Counting coconuts

This Riddler problem is about divisibility… of coconuts!

Seven pirates wash ashore on a deserted island after their ship sinks. In order to survive, they gather as many coconuts as they can find and throw them into a central pile. As the sun sets, they all go to sleep.

One pirate wakes up in the middle of the night. Being the greedy person he is, this pirate decides to take some coconuts from the pile and hide them for himself. As he approaches the pile, though, he notices a monkey watching him. To keep the monkey quiet, the pirate tosses it one coconut from the pile. He then divides the rest of the pile into seven equally sized bunches and hides one of the bunches in the bushes. Finally, he recombines the remaining coconuts into a single pile and goes back to sleep. (Note that individual coconuts are very hard, and therefore indivisible.)

Later that night, a second pirate wakes up with the same idea. She tosses the monkey one coconut from the central pile, divides the pile into seven bunches, hides her bunch, recombines the rest, and goes back to sleep. After that, a third pirate wakes up and does the same thing. Then a fourth. Then a fifth, and so on until all seven pirates have hidden a share of the coconuts.

In the morning, the pirates look at the remaining central pile and notice that it has gotten quite small. They decide to split the pile into seven equal bunches and take one bunch each. (Note: The monkey does not get one this time.) If there were N coconuts in the pile originally, what is the smallest possible value of N?

Here is a short solution:
[Show Solution]

If you’d like to learn more about how to solve such problems (what is modular arithmetic anyway!?) then read on!
[Show Solution]

6 thoughts on “Counting coconuts”

  1. Hi nice post as usual. In the general solution I think there is a problem in this step:

    “Reducing and rearranging this is equivalent to:

    160681 * k = 97590”

    The eventual correct result will (I think) look like N^N * k – (N-1); k={1,..} or in this case:
    823543 * k -6 ; k={1,…}

    1. Oops. Sorry. This is wrong. It doesn’t leave an integral numnber of coconuts per pirate at end, just an integral total number.

  2. Hi,

    This can be solved without modular arithmetic; just high school algebra (geometric progression) is sufficient. All we have to do is go backwards from the last count.

    Here is the solution:
    https://imgur.com/a/HV0UTod

    Vaidhy

    1. Just going through my solution again, it seems that there is a closed form solution if you take it further along.
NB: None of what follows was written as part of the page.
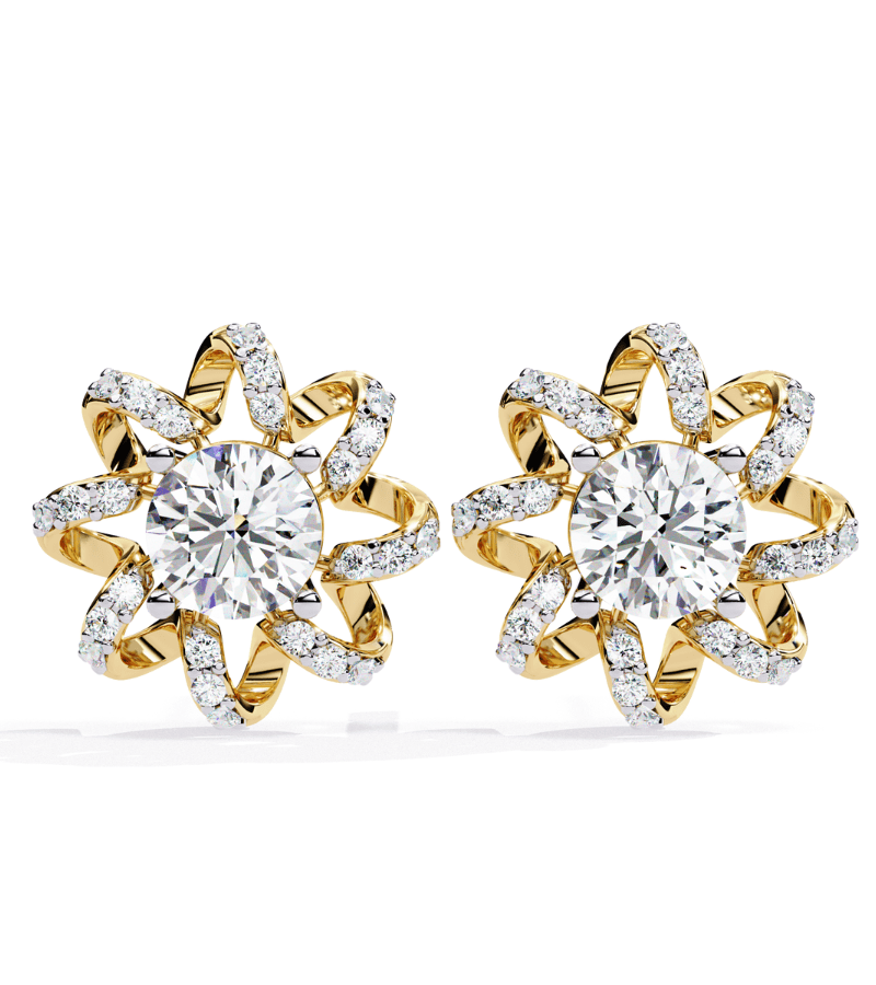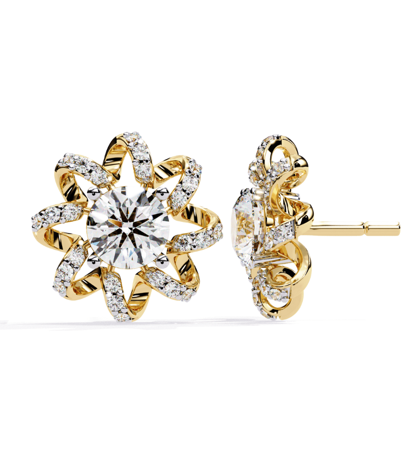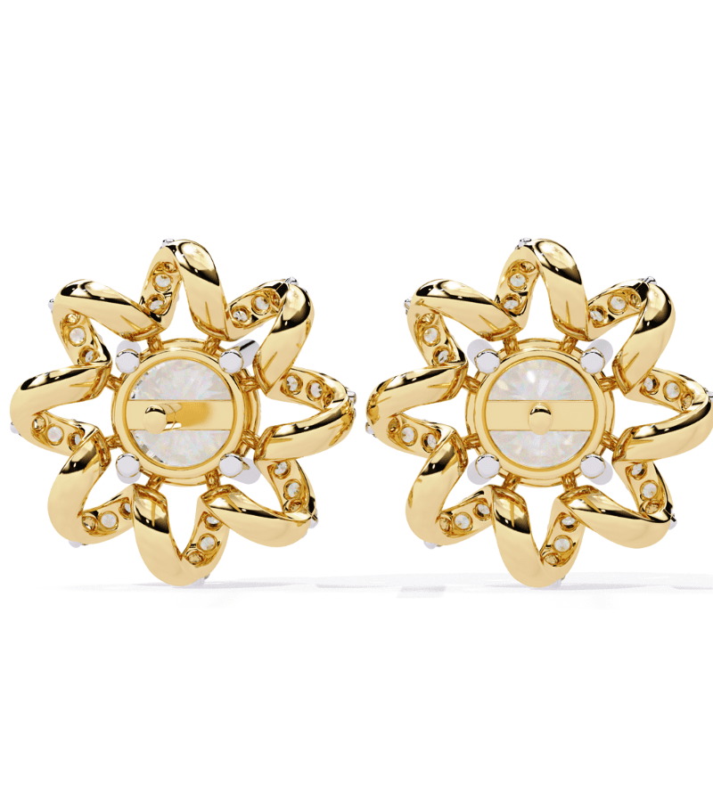 Celestial Bloom Diamond Earrings showcase a bold, flower-inspired design set in warm gold-tone metal. A brilliant central diamond is embraced by a surrounding starburst of looping arms encrusted with pavé diamonds, forming a luminous floral corona. The symmetric composition and generous diamond pavé catch light from every angle, producing a radiant, chandelier-like brilliance in a compact stud silhouette. Perfect for weddings, galas, or upscale events, these earrings combine classic craftsmanship with contemporary sparkle, delivering a statement piece that exudes luxury and refined elegance.

      For n odd initial count = m(n^n – n + 1)
      For n even initial count = n^(n+1) – m (n^n+n-1)

      For m = 1, n = 7, count = 7^7 – 7 + 1 = 823,537

  3. In the related problem where the monkey gets [takes] a coconut each time, including the morning, then the “smallest” solution is N = -6. Each time during the night: The monkey takes a coconut, the pile becomes -6 – 1 = -7; the pirate takes 1/7 of the remaining pile: -7 – (-7 /7) = -7 – (-1) = -6. Taking -1 coconut is the same as giving +1 coconut: the pirate’s -1 coconut corresponds to the monkey’s +1 coconut, so coconuts balance. Furthermore, each pirate encounters the pile the same as when the pirates went to sleep (namely, -6 coconuts), so no one suspects anything! The “extra” coconut comes from the monkey, who withheld it from the original pile. But being a monkey, the monkey loses it each time, and the pirate finds it just soon enough to give it back to the monkey. The monkey is a [lossy] banker who facilitates each pirate’s greed by re-circulating the coconut.

    Exploration: Iterating f(M) = 6*(M -1)/7 must eventually produce a fixed point: f(M) = M. Solving 6*(M-1)/7 = M yields M = -6. That’s the same -6 as in Jim Crimmins’ comments above.

    Alternate approach to the related problem: Write all numbers in base 7, and work backwards. Then at each stage the least-significant digit must be 1; giving a coconut to the monkey makes the lowest digit zero: the pile becomes divisible by 7. Dividing by 7 is equivalent to shifting off the lowest digit. Taking 1/7 of the pile must leave a lowest digit of 1 for the next stage , so the lowest digit subtracted must be 6; the two lowest-order digits must be 61 (base 7). Continuing the analysis at each backward step shows that N = …666661 base 7, which is -6 (modulo any power of 7). The particular power is the number of instances at which the remaining pile is required to be a multiple of 7.